Hamilton residents may get say in what streets are repaired

Credit: Mike Rutledge

Credit: Mike Rutledge

As a volunteer citizens’ group works to persuade Hamilton residents to approve a 4.9-mill street-repair levy on the May 7 ballot, city officials are considering a resolution suggesting promises on how the levy money would be allocated.

Under the proposed resolution, which was to be considered at Wednesday’s City Council meeting, the following promises are suggested:

  • The city manager or his designee will establish a formula that will set forth funding allocations for each of Hamilton's 17 neighborhoods.
  • Each neighborhood will be empowered to hold public meetings of its residents to determine which streets "are the desired streets to receive priority funding if the street levy is successfully approved by voters," the resolution states.
  • Also, the city proposes the promise that the city council "further declares that street levy funds cannot be used immediately adjacent to the Spooky Nook at Champion Mill sports complex, and should be focused on residential streets," according to the resolution.

City Manager Joshua Smith suggested the resolution after hearing some feedback about why some people might lean against the levy, which would generate nearly $3.9 million per year, allowing the city to maintain 5 additional miles of streets, while maintaining another 5 miles.

The levy would cost the owner of a $100,000 home about $171.50 per year.

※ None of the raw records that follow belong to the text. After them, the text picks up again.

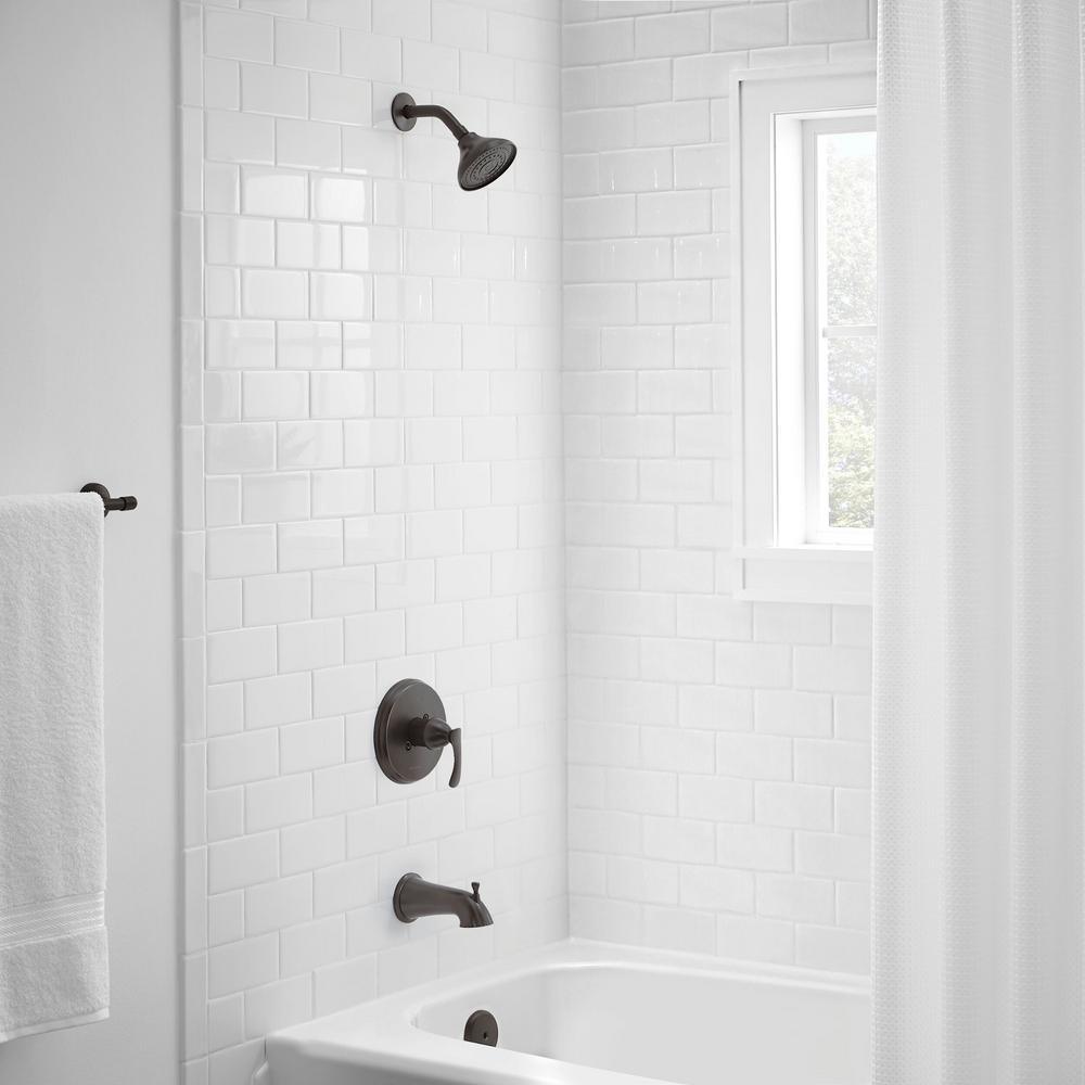 The Glacier Bay Edgewood Single-Handle 1-Spray Tub and Shower Faucet in Bronze has a classic, rich design that easily blends with multiple decorating styles. This fixture is built to maintain a constant temperature for a safe and comfortable shower experience. WaterSense certified, this efficient faucet features a 1.8 GPM flow rate to help reduce water use. The Ceramic disc cartridge provides drip free operation so you can enjoy smooth operation day after day.
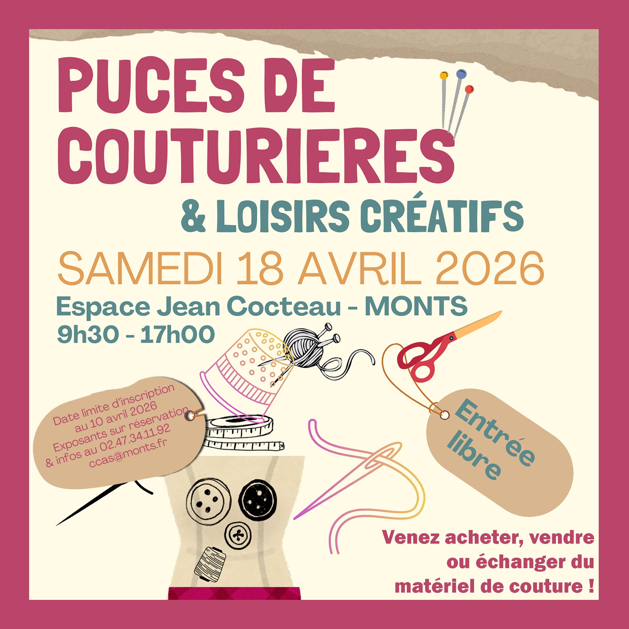 🪡 Le CCAS de la Ville de Monts donne rendez-vous aux fans de loisirs créatifs ou amateurs de couture et autres travaux d’aiguille faits maison :
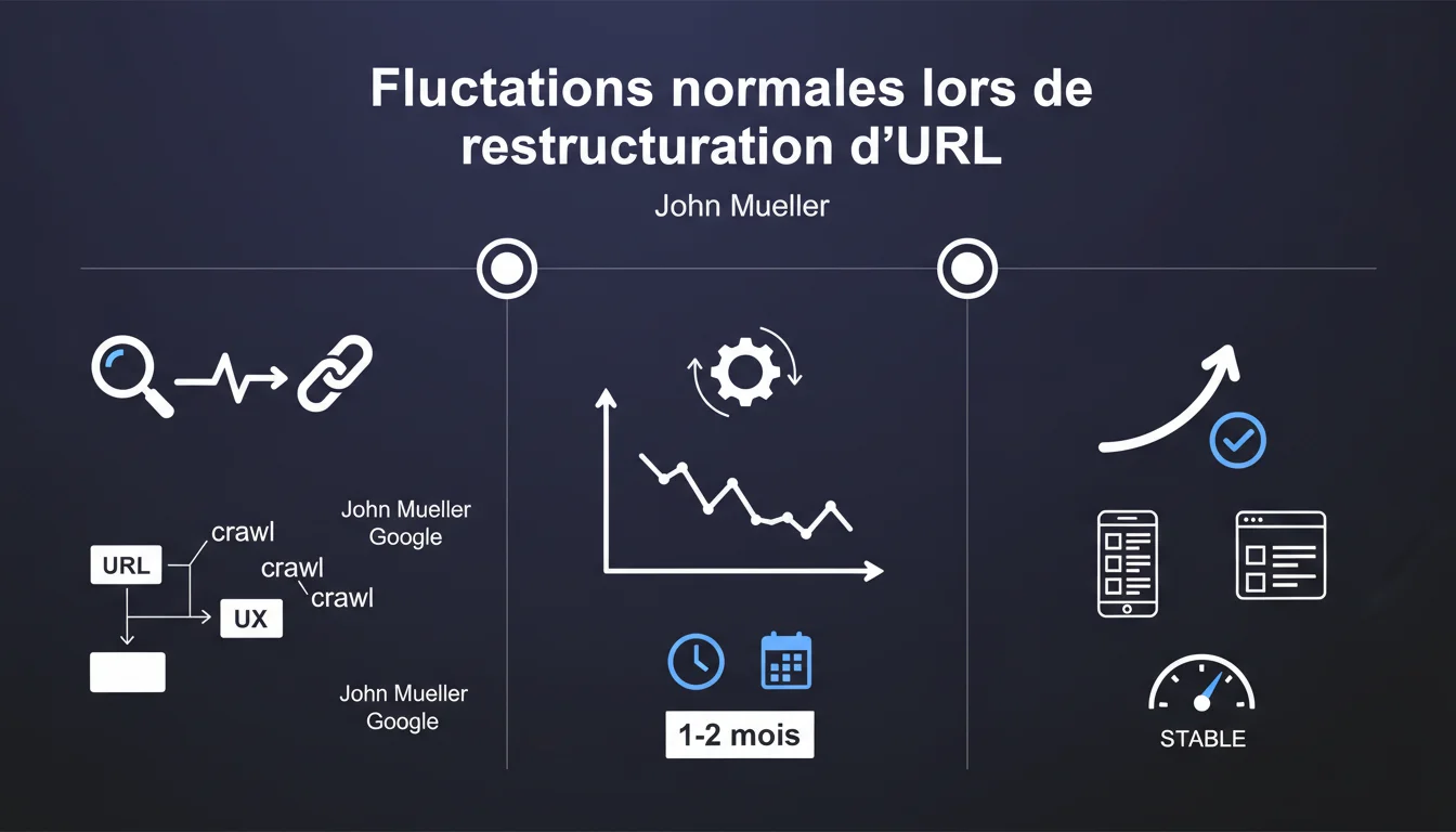 Toute refonte d'architecture d'URL déclenche des fluctuations de positionnement pendant que Google recrawle et réinterprète la nouvelle structure. Ces variations peuvent durer un à deux mois avant stabilisation complète. C'est un processus normal, pas un signal d'alarme.
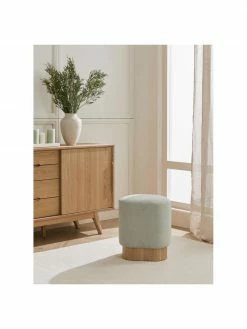 Westwing Collection Tabouret tissu bouclé vert matcha Yves, larg. 43 x haut. 47 cm
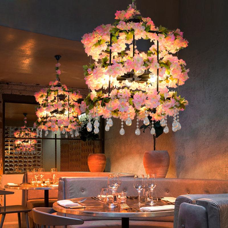 6 Bulbs Iron Chandelier Lighting Antique Black Floral Cage Light | Rebooters
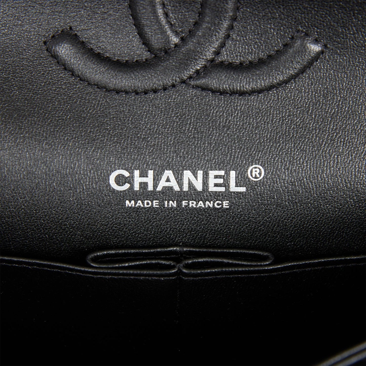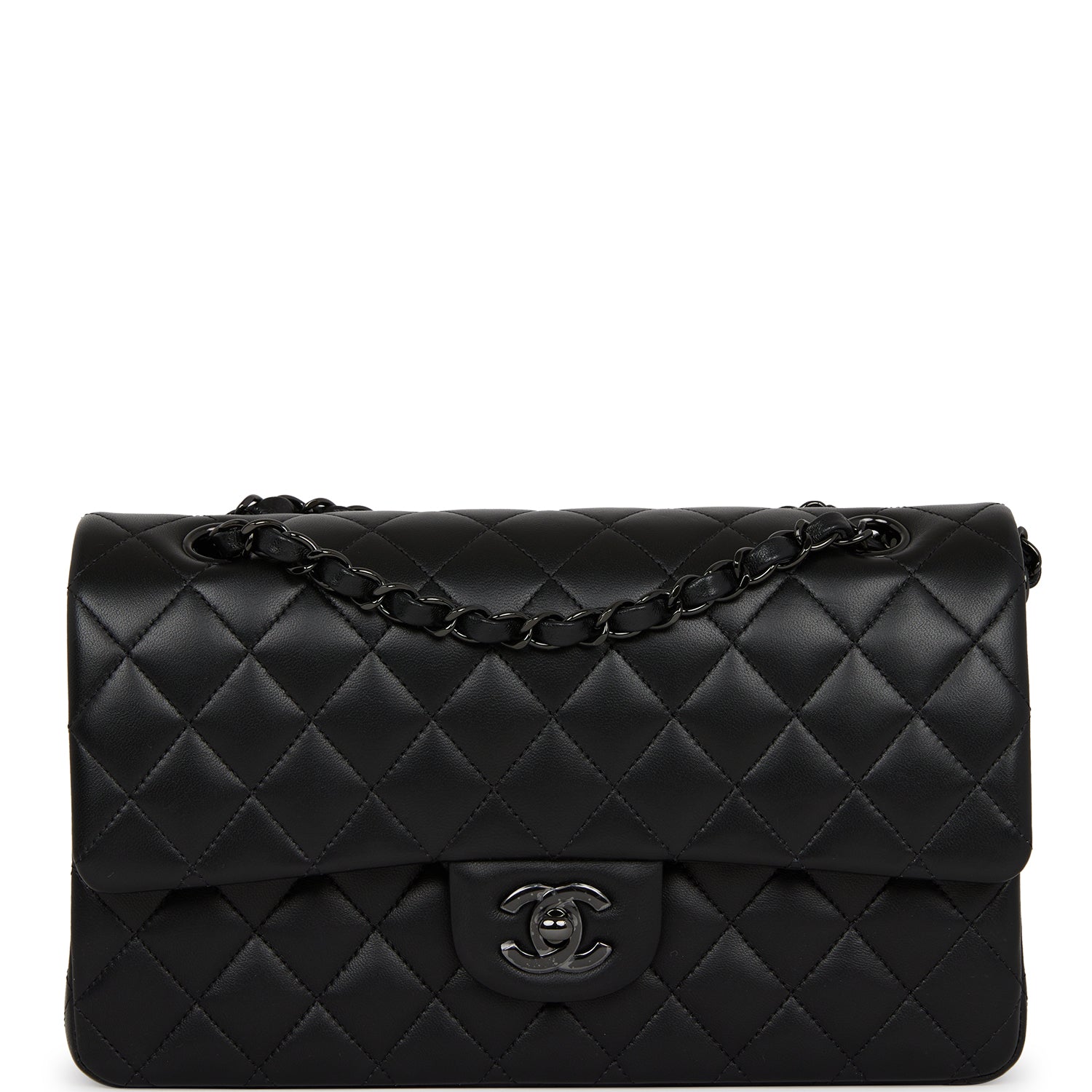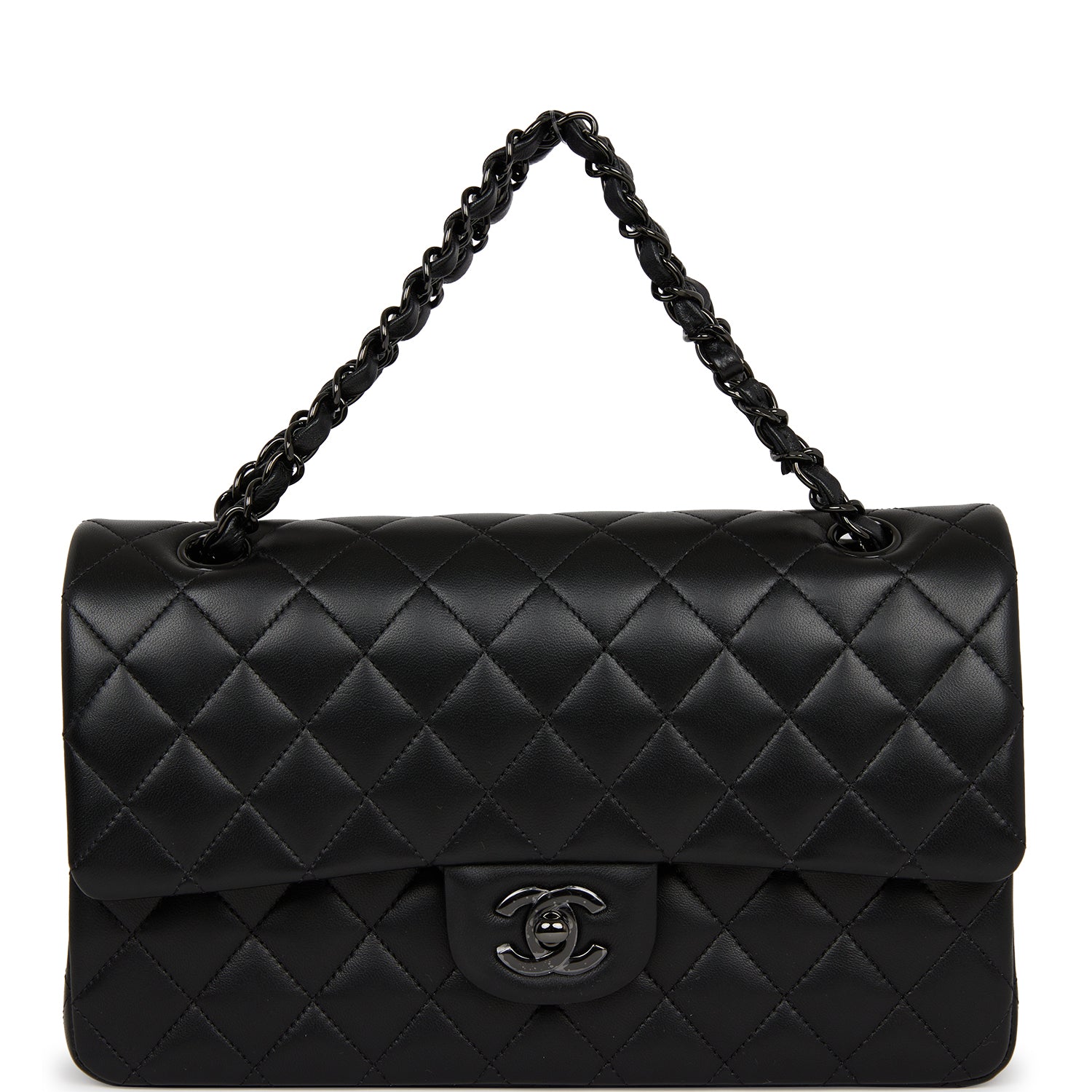 This Medium Classic Double Flap bag is in black lambskin leather with black hardware and features a front flap with signature CC turnlock closure, half moon back pocket, and adjustable interwoven black chain link and black leather shoulder strap.

The all-volunteer committee known as Citizens for Hamilton, which is working for the levy’s passage, has been hosting four meetings this week, the last two of them being from 6:30 to 730 p.m. Wednesday at Linden Elementary School, 801 Hoadley Ave.; and the same time Thursday at Garfield Middle School, 250 N. Fair Ave.

Hamilton resident Keith Harding said he opposes the levy, and the proposed promises will not sway him. He opposes a streets levy, he said, because of money Hamilton spends on other things, such as a ramp Hamilton built last year that linked the hiking/biking path along the shoreline of the Great Miami River with the RiversEdge amphitheater above it that cost $766,000.

Harding also cites last year’s decorative addition of Hamilton’s “Billy Yank” symbol, costing about $150,000, at the railroad overpass that Hamilton paid as part of a $1.9 million rehab of the bridge and nearby sidewalks, as well as money the city has given the non-profit CORE (Consortium for Ongoing Reinvestment Efforts) Fund, which has been transforming the business corridor along High Street downtown and Main Street across the river.

“But we can’t fix our roads without a tax increase?” he asked. Harding argues Hamilton should care for its streets and seek tax levies for such other expenses, which he said seem like extras.

Austin Keckler, a 30-year-old West Side resident, said he thinks the proposed promises are a good idea that should help the levy’s chances.

About direct input from neighborhoods about which of their streets receive funding, he said: “I like that.”

“There’s so many potholes on the streets,” Keckler said. “I drive those streets every day to go to work, and I think they definitely need to improve them somehow, and some way. And I definitely think the money should be used for that.”